Apache Arrow Adds Streaming Binary Format |
Written by Kay Ewbank |
Monday, 06 March 2017 |
There's a new version of Apache Arrow that is being described as a major milestone for the project. Apache Arrow is a columnar in-memory analytics layer the permits random access. Arrow isn’t a standalone piece of software. It is used as a component within systems to accelerate analytics and to allow Arrow-enabled systems to exchange data with low overhead. It is sufficiently flexible to support most complex data models. Apache Arrow can be used to store a set of canonical in-memory representations of flat and hierarchical data along with multiple language-bindings for structure manipulation. It also provides low-overhead streaming and batch messaging, zero-copy interprocess communication (IPC), and common algorithm implementations. Todd Lipcon, original Apache Kudu creator and member of the Apache Arrow Project Management Committee, said Apache Arrow is important because: "A columnar in-memory data layer enables systems and applications to process data at full hardware speeds. Modern CPUs are designed to exploit data-level parallelism via vectorized operations and SIMD instructions. Arrow facilitates such processing." In many workloads, 70-80% of CPU cycles are spent serializing and deserializing data. Arrow solves this problem by enabling data to be shared between systems and processes with no serialization, deserialization or memory copies.

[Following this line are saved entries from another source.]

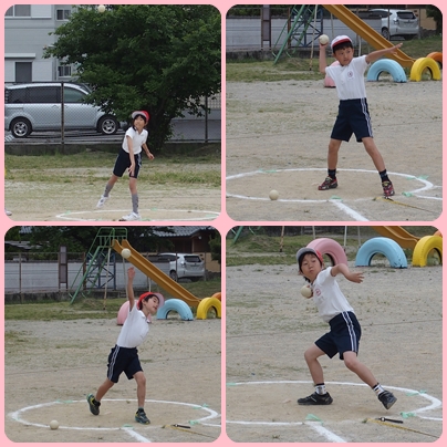 3年4年は,体力テスト『50m走』『立ち幅とび』『ソフトボール投げ』の3種目に取り組んでいます。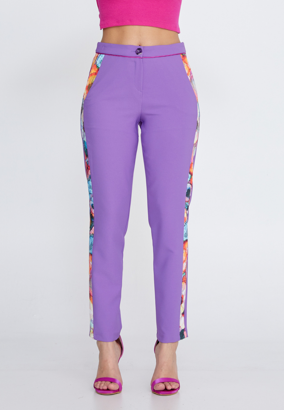 Sacoul se inchide cu nasture, este accesorizat cu paiete viu colorate. Pantalonii sunt cu talie inalta si conici. Modelul poarta marimea (36)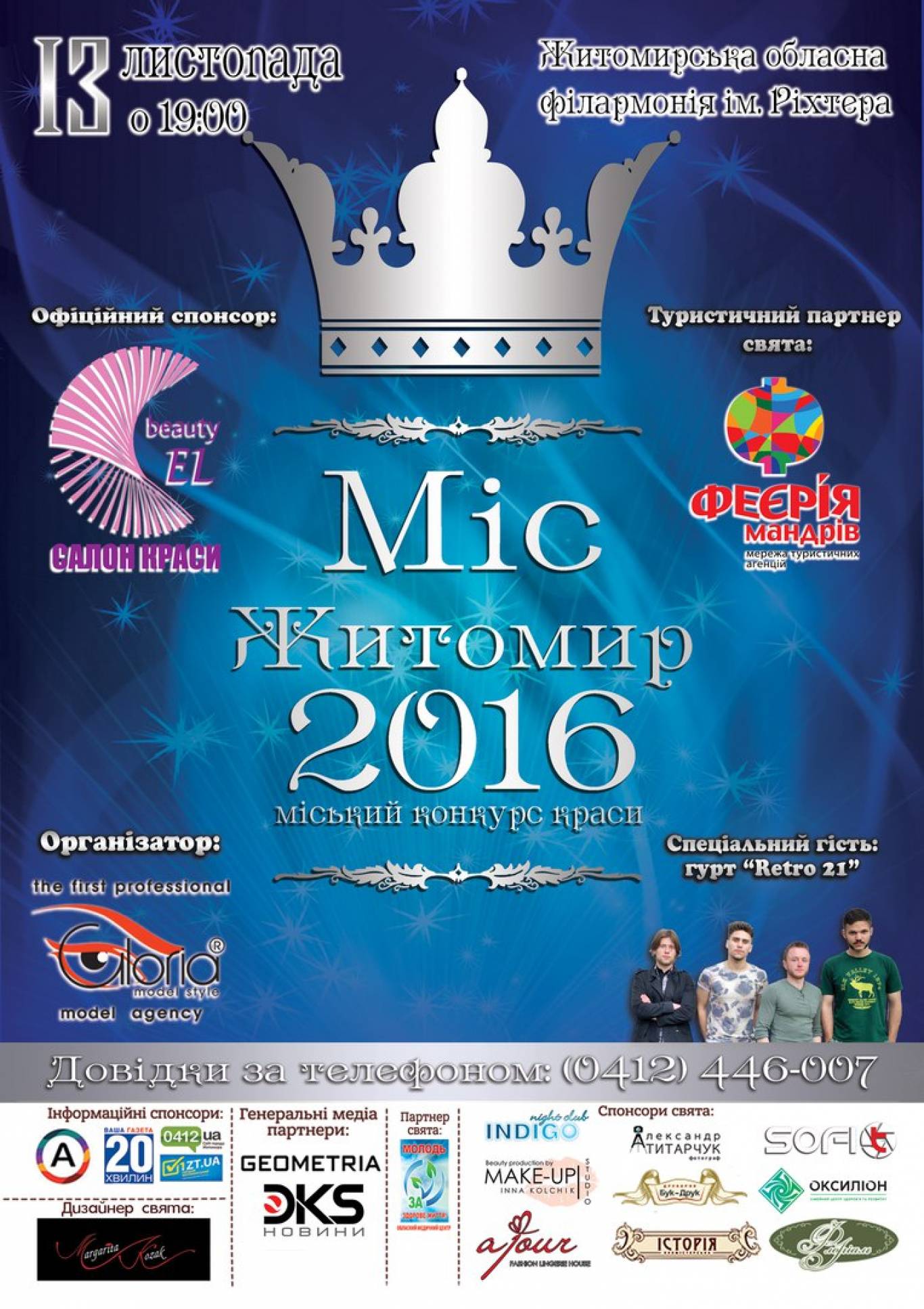13 листопада о 19.00 , Житомирська обласна філармонія ім. С. Ріхтера Переможниця конкурсу отримає у подарунок туристичний тур до Єгипту від нашого Тур партнера "Феєрія мандрів"! Спеціальний гість конкурсу: молодий та набираючий популярності креативний гурт Ретро 21! Хлопці мають своє звучання) Довідка та придбання квитків за номером: (0412) 446-007, 096 96 41 078 #gloriamodels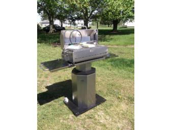 Grill with stand is by Heat Surge, makers of electric Amish fireplaces. The grill and stand are all stainless. The grill has a large 11"x25" cooking area, and uses both propane and infrared heat. The stand is 34" high, with 12"x16" extensions on each side, and has two wheels on the back for easy maneuverability. The set includes a propane hose, stainless cleaning paste and polishing cloth, a probe thermometer, owner's manual, and cover. The grill easily detaches from the stand for on-the-go cooking.

The component can be particularly useful for Python and R developers, as Arrow provides an option for data interoperability, which has been one of the biggest roadblocks to tighter integration with big data systems. The benefits of Apache Arrow start with its columnar memory-layout that permits random access. The layout is highly cache-efficient in analytics workloads and supports SIMD optimizations with modern processors. This lets developers create very fast algorithms which process Arrow data structures. Another benefit is the ability Arrow provides for efficient and fast data interchange between systems without the serialization costs associated with other systems like Thrift, Avro, and Protocol Buffers. The final benefit of Arrow is the flexibility of its structured data model that supports complex types. It handles flat tables as well as real-world JSON-like data engineering workloads. This release is a major milestone for the project, as it adds integration tests validating binary compatibility between the Java and C++ (and Python) implementations. Another improvement to the new version is a new streaming binary format (with Java and C++/Python implementations). The Python functionality has been significantly expanded, particularly pandas and Apache Parquet interoperability. A JSON file "format" for specifying integration tests has been added, and there is expanded zero-copy or low-overhead threadsafe IO for C++.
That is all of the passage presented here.